About this catalog
Mission
The catalog is stewarded collaboratively by collaborators from IAPR TC10 and TC11 (Intelligent Reading Systems), for the broader Document Image Analysis and Recognition (DIAR) community.
- TC10 emphasises interoperability among researchers working at the intersection of document imaging and graphical pattern recognition.
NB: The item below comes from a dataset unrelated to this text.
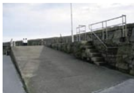
New stainless steel railings.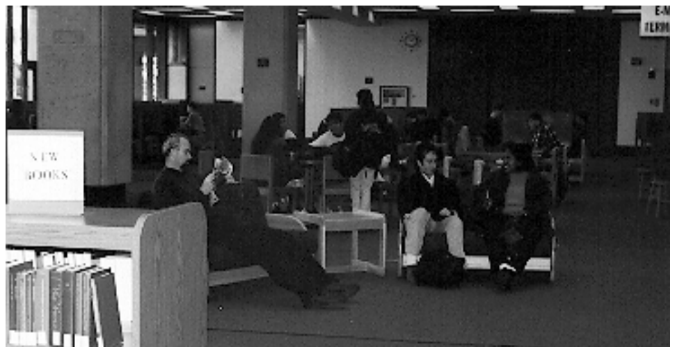
Cleveland State University students taking advantage of the University Library's 1st floor study area.

- TC11 emphasises architectures, corpora and evaluation for machine reading pipelines.
Together the committees aggregate pointers so researchers can relocate datasets, tooling, evaluations and reproducibility artefacts efficiently.
Where this prototype came from
Maintainers experimented with statically generated hubs on GitHub Pages to reduce friction submitting datasets and ancillary material while narrowing security exposure compared with classic dynamic CMS stacks. Read our September 2021 motivation note describing the rationale (adapted wording from the inaugural Jekyll era — the generator stack is Eleventy today).
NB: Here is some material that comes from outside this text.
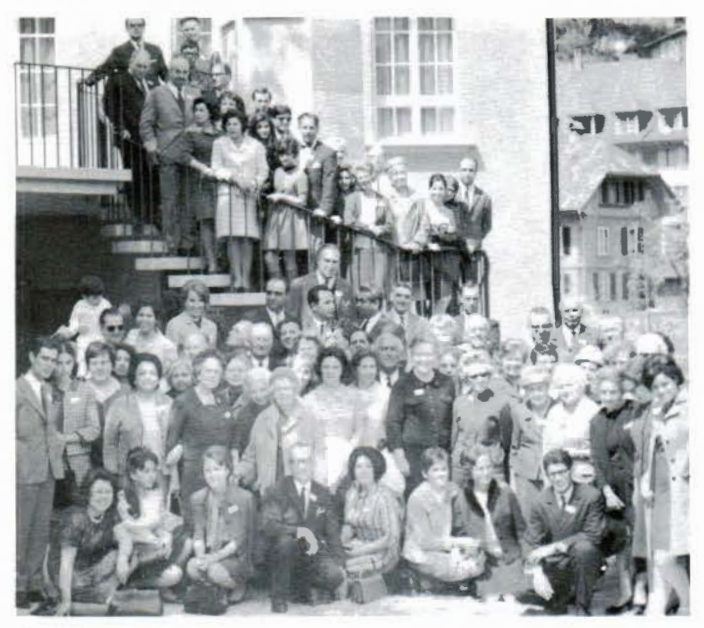
Sixth national convention in Bern, Switzerland, held April 29-30. The Faith is making good progress in the Alpine country. The harmony and dedication of the Helvetic Bahá'í community was evident in the fine spirit of the Swiss convention.

Contributors to this experiment include Joseph Chazalon, Pau Riba, and Muzzamil Luqman.
Interested in collaborating? Visit Feedback — issues, curated survey links, mailing list hints — or mention desired scope in a GitHub issue.
Scope
Artifacts fall into controlled kinds:
| Kind | Highlights |
|---|---|
| Datasets | Ground truth, manifests, mirrored downloads, integrity hashes (md5 / optional sha256). |
| Software & tooling | Evaluation kits, preprocessing libraries, annotated-tooling front-ends (/software/ summarizes navigation). |
| Pre-trained models | Canonical weights plus model-cards & provenance anchors. |
| Competitions | Challenges, leaderboard pointers, organisers, artefacts. |
The catalog indexes artefacts on Zenodo, Hugging Face Hub, institutional SFTP buckets, institutional Git servers, &c. — blobs do not live exclusively inside Pages output.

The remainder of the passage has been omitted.